Natto Benefits: What the Research Shows About This Fermented Soybean Food
Natto has been a staple of Japanese cuisine for centuries, but outside of East Asia, most people encounter it for the first time through conversations about bone health, cardiovascular nutrition, or fermented foods. This page covers what natto is, what its nutritional profile looks like, how its key compounds function in the body, and what the research generally shows — along with the variables that shape how differently people may respond to it.
What Natto Is and Why It Stands Apart From Other Soy Foods
Natto is a traditional Japanese food made from soybeans fermented with the bacterium Bacillus subtilis var. natto. The fermentation process transforms the soybeans in ways that matter nutritionally: it breaks down some of the compounds that can inhibit nutrient absorption, produces new bioactive substances not present in unfermented soy, and introduces live bacteria that may contribute to gut health.
This is an important distinction within the broader world of soy foods. Tofu, edamame, soy milk, and tempeh are all made from soybeans, but the fermentation that defines natto produces a specific set of compounds — most notably vitamin K2 (as MK-7) and the enzyme nattokinase — that set it apart nutritionally. For readers exploring the general benefits of soy, natto occupies a distinct and more specialized corner of that topic.
Natto has a sticky, stringy texture and a pungent, earthy smell that many people find unfamiliar at first. It is traditionally served over rice with mustard and soy sauce, though it appears increasingly in capsule and powder form for those seeking specific compounds without the food itself.
The Nutritional Profile: More Than Protein
A standard serving of natto (roughly 100 grams) provides a meaningful concentration of several nutrients, including complete protein with all essential amino acids, dietary fiber, iron, calcium, magnesium, potassium, and manganese. It also contains moderate amounts of copper and zinc.

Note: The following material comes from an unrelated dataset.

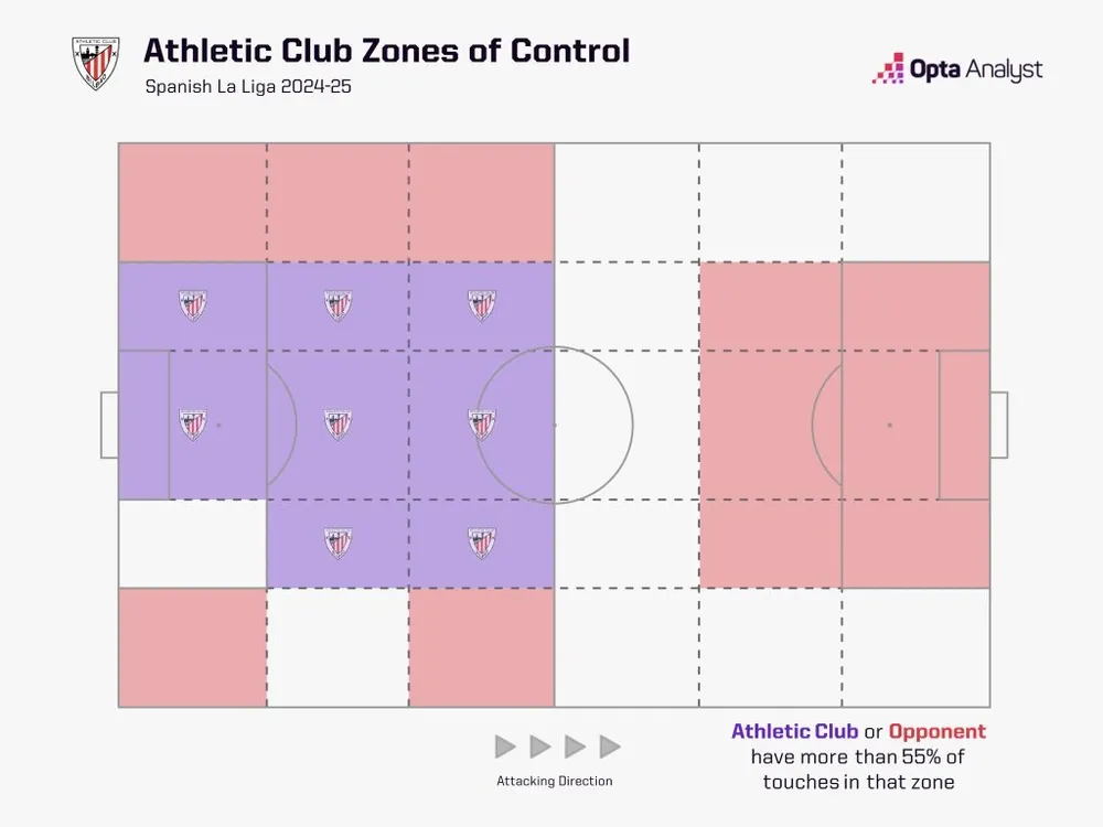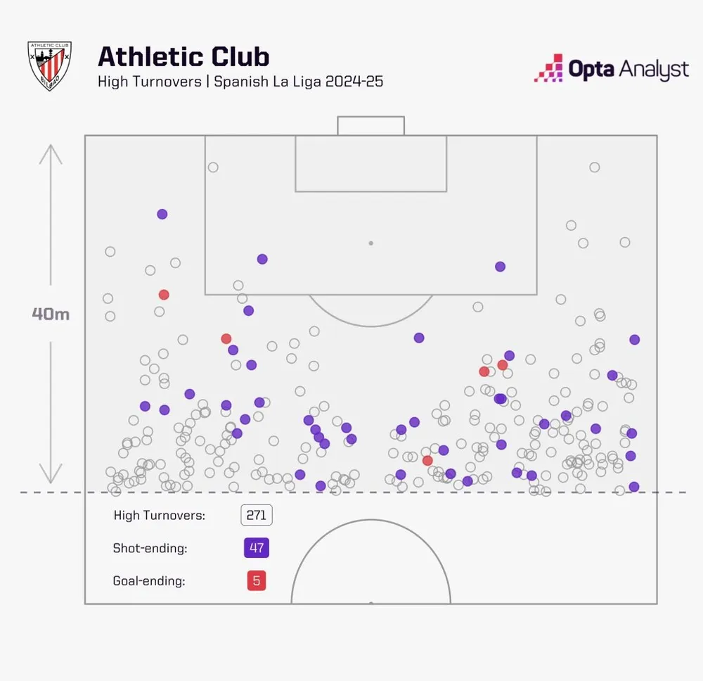 Không đội nào ở La Liga giỏi hơn trong việc nhặt bóng lỏng ở khu vực giữa sân. Athletic trung bình có 22.5 lần giành lại quyền kiểm soát mỗi trận ở khu vực này, nhiều hơn bất kỳ đội nào ở giải đấu hàng đầu Tây Ban Nha. Không phải là đè bẹp đối thủ, mà khiến bạn nghĩ mình có một giây để thở, rồi cướp bóng trước khi bạn kịp sử dụng.

What makes natto particularly notable from a nutritional standpoint is its vitamin K2 content, specifically in the form of menaquinone-7 (MK-7). MK-7 is one of several forms of vitamin K, and natto contains it in concentrations that are unusually high compared to most other foods. Most dietary vitamin K comes from leafy greens in the form of K1 (phylloquinone), which the body uses primarily for blood clotting. MK-7 has a different metabolic role — it is more bioavailable than K1, remains active in the bloodstream longer, and appears to play a more significant role in carboxylating proteins outside the liver, including those involved in bone mineralization and vascular health.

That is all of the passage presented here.